Your assignment:
Only one stretch of the data below should be repeated: the lines from the line containing "写真左～緑苑ビル、右奥～道庁赤レンガ" through the line containing "Ryc. 17. Widok", inclusive, exactly as they are.

Data shown:
============================================================

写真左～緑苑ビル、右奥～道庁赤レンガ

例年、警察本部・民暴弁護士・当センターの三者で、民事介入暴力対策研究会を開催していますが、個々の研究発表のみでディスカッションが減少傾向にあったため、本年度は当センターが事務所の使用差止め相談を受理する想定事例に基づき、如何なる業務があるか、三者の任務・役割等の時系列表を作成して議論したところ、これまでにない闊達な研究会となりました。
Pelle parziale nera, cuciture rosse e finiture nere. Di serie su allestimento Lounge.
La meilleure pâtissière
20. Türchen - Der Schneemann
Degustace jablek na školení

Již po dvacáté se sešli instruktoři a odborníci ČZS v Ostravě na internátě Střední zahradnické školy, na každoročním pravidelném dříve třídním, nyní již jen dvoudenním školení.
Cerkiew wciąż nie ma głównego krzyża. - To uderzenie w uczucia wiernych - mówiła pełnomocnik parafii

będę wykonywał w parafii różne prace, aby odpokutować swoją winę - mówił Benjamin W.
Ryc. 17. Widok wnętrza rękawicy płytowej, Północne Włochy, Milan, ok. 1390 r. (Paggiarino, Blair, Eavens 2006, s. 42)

============================================================

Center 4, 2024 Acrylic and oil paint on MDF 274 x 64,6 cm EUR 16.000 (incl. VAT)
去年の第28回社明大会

============================================================

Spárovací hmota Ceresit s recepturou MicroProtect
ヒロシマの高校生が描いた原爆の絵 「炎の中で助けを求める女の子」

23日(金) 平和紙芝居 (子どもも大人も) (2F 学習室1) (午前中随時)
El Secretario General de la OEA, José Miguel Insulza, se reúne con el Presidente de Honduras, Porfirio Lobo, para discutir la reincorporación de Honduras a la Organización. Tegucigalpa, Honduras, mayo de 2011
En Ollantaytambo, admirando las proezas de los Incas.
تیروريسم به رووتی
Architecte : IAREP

============================================================

Response area:
写真左～緑苑ビル、右奥～道庁赤レンガ

例年、警察本部・民暴弁護士・当センターの三者で、民事介入暴力対策研究会を開催していますが、個々の研究発表のみでディスカッションが減少傾向にあったため、本年度は当センターが事務所の使用差止め相談を受理する想定事例に基づき、如何なる業務があるか、三者の任務・役割等の時系列表を作成して議論したところ、これまでにない闊達な研究会となりました。
Pelle parziale nera, cuciture rosse e finiture nere. Di serie su allestimento Lounge.
La meilleure pâtissière
20. Türchen - Der Schneemann
Degustace jablek na školení

Již po dvacáté se sešli instruktoři a odborníci ČZS v Ostravě na internátě Střední zahradnické školy, na každoročním pravidelném dříve třídním, nyní již jen dvoudenním školení.
Cerkiew wciąż nie ma głównego krzyża. - To uderzenie w uczucia wiernych - mówiła pełnomocnik parafii

będę wykonywał w parafii różne prace, aby odpokutować swoją winę - mówił Benjamin W.
Ryc. 17. Widok wnętrza rękawicy płytowej, Północne Włochy, Milan, ok. 1390 r. (Paggiarino, Blair, Eavens 2006, s. 42)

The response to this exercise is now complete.